Bargain hunters have begun to take note. "This is a very interesting story, and one worth beginning to start revisiting," says Philip Ehrmann, an Asia specialist and long-term Macau skeptic at Jupiter Asset Management in London. Others say that Melco's stock, which has risen from a low of 8.2 to 13 recently, could top its recent high of 19, about a 50% gain, and even go well beyond that in the next few years.
Melco's ups and downs mirror those of other casinos in Macau. In 2006, gaming revenues at the former Portuguese colony outstripped those of Las Vegas as lavish new casinos attracted China's newly rich. The Sands casino made back its investment in its first year, and there are high hopes for its Venetian Macau.
But a spate of openings began to pressure results: Macau currently lets six companies operate 29 casinos. Last week, the Sands announced it lost money in its first quarter, hurt by competition from MGM Mirage (MGM) and from the loss of high rollers to rivals like Melco's Crown Macau, which grew out of Melco's partnership with Australia's Crown Ltd. (CWN.Australia), run by casino impresario James Packer.
The company came public in the U.S. last summer, and is 38% owned by Melco International Development (0200.Hong Kong), in which Lawrence Ho has a big stake.
Melco didn't get off to a fast start. It opened Crown Macau in a remote corner called Taipa Island, where it snagged just 1% of the market, unlike the stellar performances of the local Wynn or Sands resorts, or the market-dominating Sociedade de Jogos de Macau run by Ho père. But Ho fils quickly boosted his numbers by striking a controversial deal with A-Max Holdings (959.Hong Kong), a company that represents 10 junket operators that are paid commissions to bring in high rollers, or VIPs.
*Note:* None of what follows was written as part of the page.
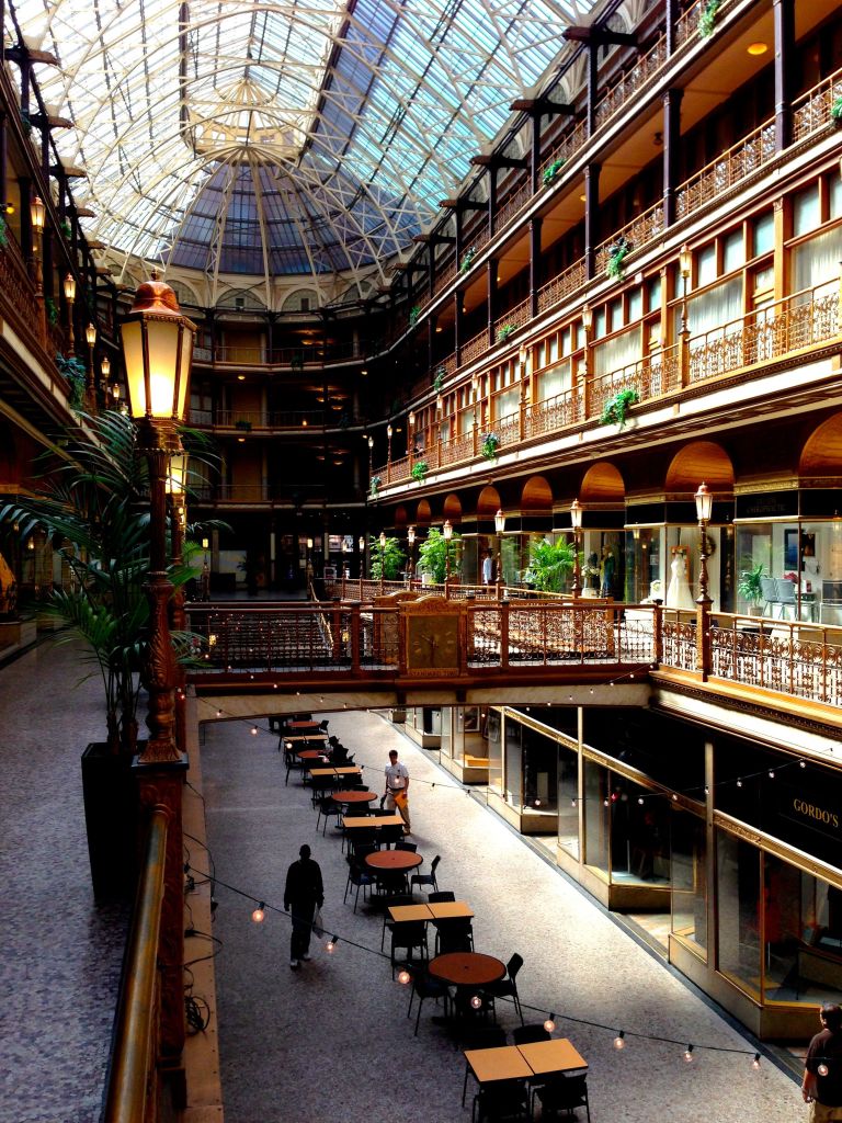A beautiful, elegant shopping arcade – with precious few customers, some empty shops and some let to makeweight social tenants.

To qualify for VIP status, a gambler must plunk down at least HK$1 million ($128,000) at the tables per visit.
The arrangement sacrificed some margin: "We really adjusted," recalls Ho, who was educated in Canada.
As he explains: "Slots have the highest Ebitda [earnings before interest, taxes, depreciation, and amortization] margins — about 40%. For mass [market], it's 30%. But for VIP, it's in the high single-digits." Still, that's offset by volume.